▶ _TASK DETAILS_: Restate the listing below word for word, and leave its pictures behind.

▶ _COLLECTED DATA_:
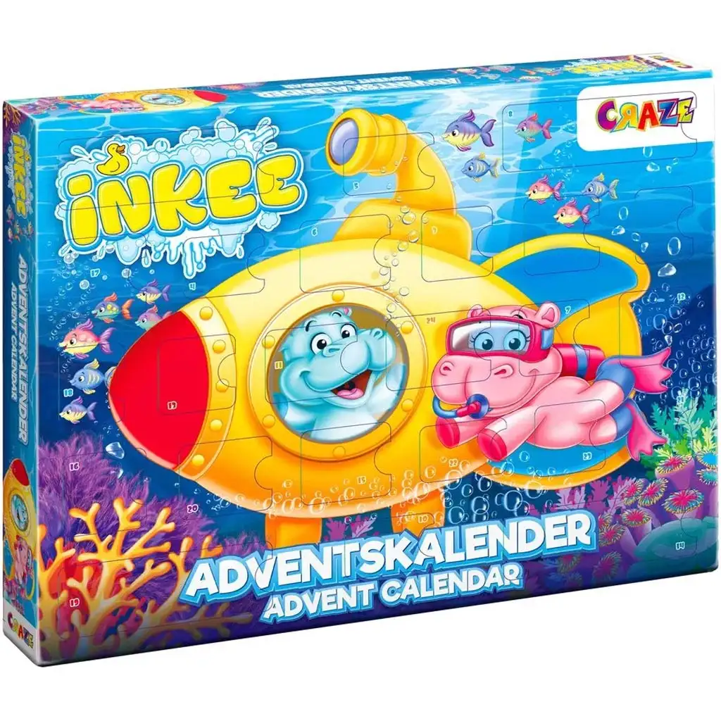Craze Inkee adventni koledar ima temo vesele podvodne dogodivščine, v kateri dva simpatična vodna lika – moder in rožnat povodni konj – popeljeta najmlajše v kraljestvo mehurčkov. Vsak dan prinese novo igračo ali dodatek, zato otroci z nestrpnostjo pričakujejo ne le božič, temveč tudi kopanje, ki ga imajo tako še raje. Kopalne bombe očarajo s prijetnim vonjem in pisanimi mehurčki, različno oblikovane gobice pa vabijo k ustvarjalnemu čofotanju.
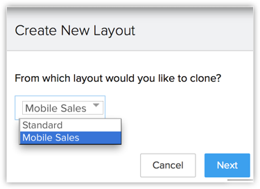 - No Criar novo layout pop-up, escolha qual layout para clonar este novo layout a partir.
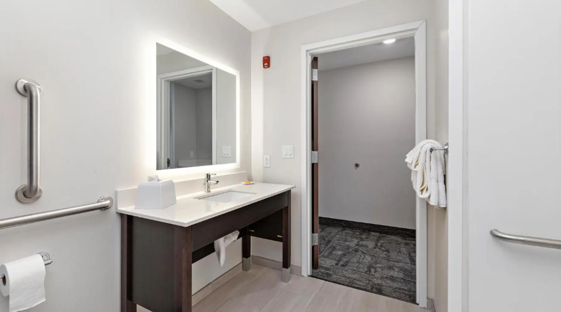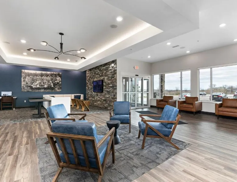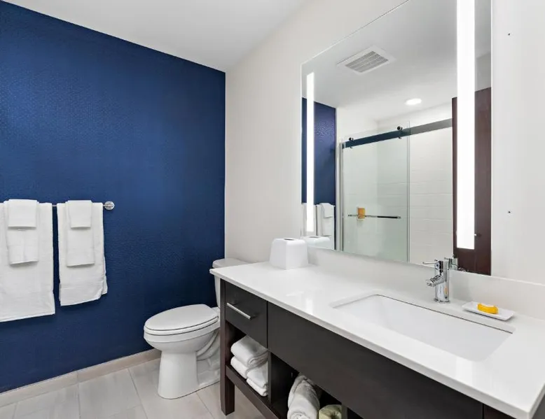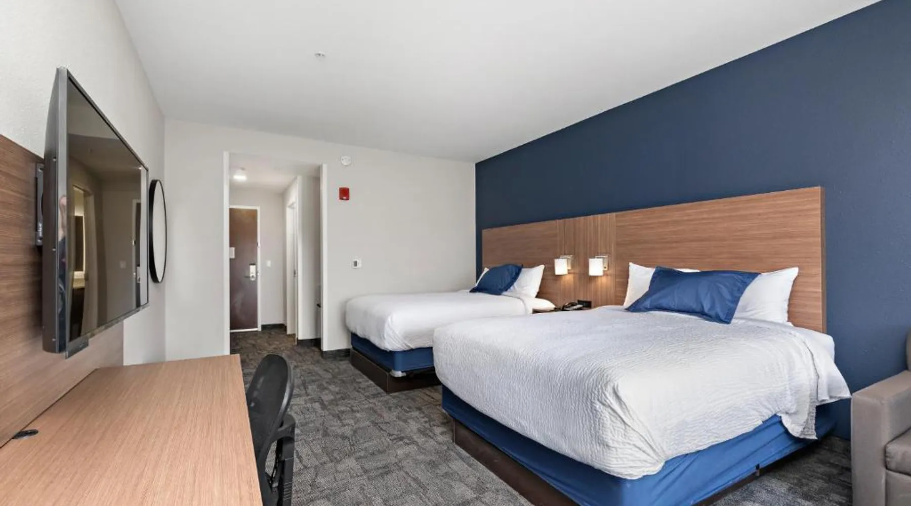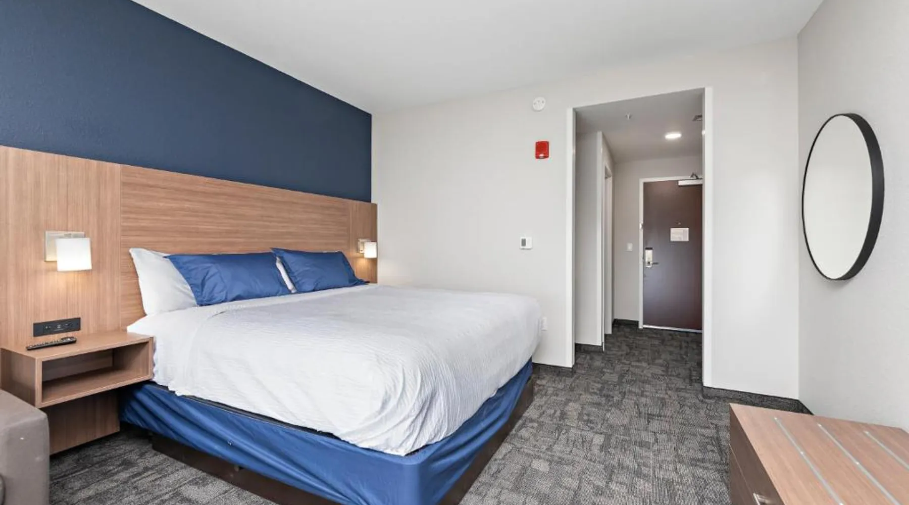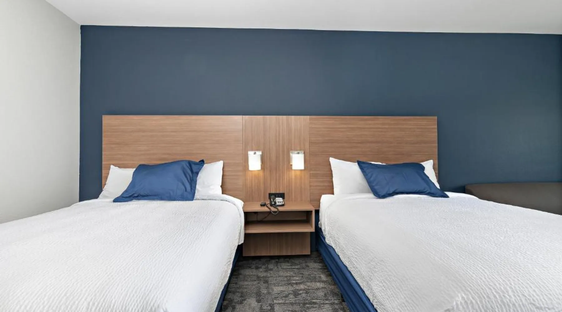 Comfortable Accommodations: Holiday Inn Express Kansas City North Parkville by IHG in Parkville offers air-conditioned rooms with private bathrooms, free WiFi, and modern amenities. Each room includes a work desk, TV, and wardrobe, ensuring a pleasant stay. Leisure Facilities: Guests can enjoy a fitness center, sun terrace, and a seasonal outdoor swimming pool. Additional facilities include an outdoor fireplace, fitness room, and electric vehicle charging station. Free on-site parking is available for convenience. Dining Options: A continental, American, and buffet breakfast is served daily. The property also features an outdoor seating area and a business area, catering to both leisure and business travelers. Prime Location: Located 5.6 mi from Kansas City International Airport, the hotel is near attractions such as Lake Waukomis (11 mi) and Downtown Kansas City (18 mi). Highly rated for its convenient location, room cleanliness, and breakfast provided by the property. The double room offers air conditioning, a wardrobe, as well as a private bathroom featuring a shower and a hairdryer. The double room provides a flat-screen TV, a safe deposit box, tumble dryer and a carpeted floor. The unit offers 2 beds.

▶ _ANSWER SPACE_:
Craze Inkee adventni koledar ima temo vesele podvodne dogodivščine, v kateri dva simpatična vodna lika – moder in rožnat povodni konj – popeljeta najmlajše v kraljestvo mehurčkov. Vsak dan prinese novo igračo ali dodatek, zato otroci z nestrpnostjo pričakujejo ne le božič, temveč tudi kopanje, ki ga imajo tako še raje. Kopalne bombe očarajo s prijetnim vonjem in pisanimi mehurčki, različno oblikovane gobice pa vabijo k ustvarjalnemu čofotanju.
 - No Criar novo layout pop-up, escolha qual layout para clonar este novo layout a partir.
 Comfortable Accommodations: Holiday Inn Express Kansas City North Parkville by IHG in Parkville offers air-conditioned rooms with private bathrooms, free WiFi, and modern amenities. Each room includes a work desk, TV, and wardrobe, ensuring a pleasant stay. Leisure Facilities: Guests can enjoy a fitness center, sun terrace, and a seasonal outdoor swimming pool. Additional facilities include an outdoor fireplace, fitness room, and electric vehicle charging station. Free on-site parking is available for convenience. Dining Options: A continental, American, and buffet breakfast is served daily. The property also features an outdoor seating area and a business area, catering to both leisure and business travelers. Prime Location: Located 5.6 mi from Kansas City International Airport, the hotel is near attractions such as Lake Waukomis (11 mi) and Downtown Kansas City (18 mi). Highly rated for its convenient location, room cleanliness, and breakfast provided by the property. The double room offers air conditioning, a wardrobe, as well as a private bathroom featuring a shower and a hairdryer. The double room provides a flat-screen TV, a safe deposit box, tumble dryer and a carpeted floor. The unit offers 2 beds.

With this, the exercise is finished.